2.  Teach the Left a Lesson:  The leftists are convinced, much as their rightest brethren (and they are more alike than you think) are, that the reason their party is losing elections is that they are not radical enough.  If only Bernie Sanders was at the top of the ticket, Trump would have lost!   In reality, Trump would have won the popular vote - and not just the electoral college -  if Sanders was running against him.  Americans don't want socialism - outside of certain parts of New York and California.

So if they put up some leftist wacko, who promises free shit for everyone, you can bet the middle-of-the-road independent voters - who make up the vast majority of the electorate - will either stay home or hold their nose and vote Trump.   The Left loses, and maybe (just maybe) they learn a lesson that incremental changes are better than no change at all, and perhaps sometimes you have to compromise your principles in order to get anything accomplished (and acknowledge there are others out there whose opinions are different than yours - and for good reason).

3.  Win in 2024:   If Trump is re-elected, we can be sure that things will likely get a lot worse, unless he turns out to be some sort of mad evil genius (I don't bank on that).   So by 2024, the recession kicks in, made worse by tax cuts, deficit spending, and a trade war.   What would have been the mild recession of 2021 turns into the market crash of 2022.  All the lessons of 2008 will have to be learned all over again - that banking regulations were there for a reason, and lending money to insolvent people never works out well.

Funny thing is, we keep having to re-learn these lessons.   Back in the 1980's we had the S&L crises and everyone went ga-ga over "junk bonds" and then acted shocked when they turned out to be.... junk.

And it goes all the way back to the great depression.  My Grandfather, who was head of the banking section of  the New York State Bar, was involved in the financial banking reforms of the 1930's - reforms that were slowly unwound over time, with predictable results.   We keep having to re-learn these same lessons again and again, it seems.

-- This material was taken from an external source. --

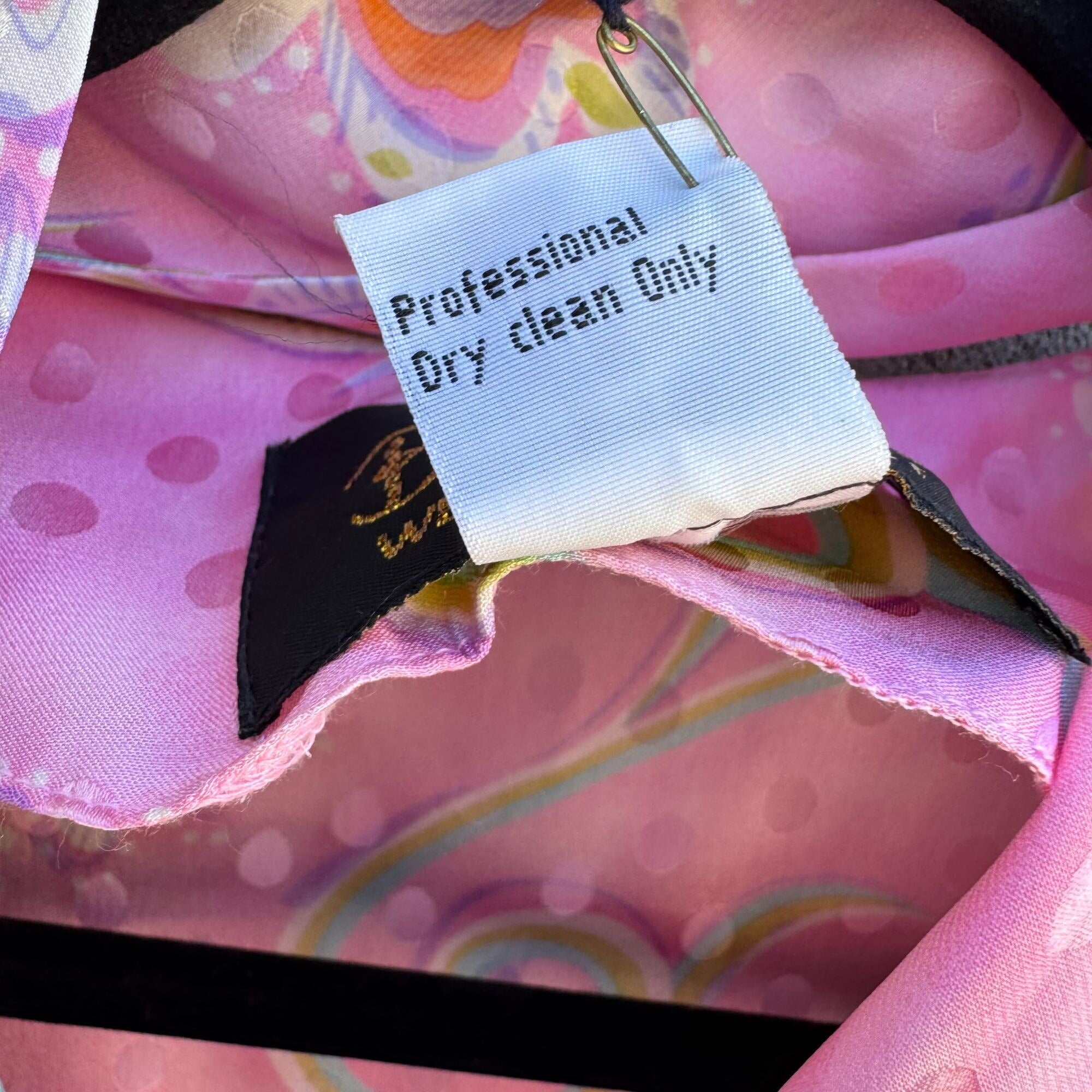 Bob Mackie Wearable Art Vintage Pink Paisley Silk Long Sleeve Tie Neck Blouse S

So, by 2024, people will say, "enough is enough!" as they lose their jobs, their houses, their cars, and their life's savings.  And they will turn away from far-right and far-left politics and elect someone who can straighten things out.  And like a drug addict or a drunk, as soon as economic conditions improve, they will say, "You know, having a little debt is OK, now and then - let's just have a tipple!" and the whole damn thing starts over again.

Maybe by 2024 things like "white privilege" and "cultural appropriation" and "micro-aggressions" will be finally put in the dumpster where they belong - because dividing people by race and class and trying to make people feel guilty for working hard and succeeding in life simply isn't a marketable strategy.   People will always vote for the politician who tells them they are great and makes them feel good.   If you doubt this, check out who is in the White House.

But then again, I am not confident that humanity has much common-sense.   And it is one reason why I am not worried too much about it.  Even if they enact all this socialist nonsense, I will be safely in the grave by then.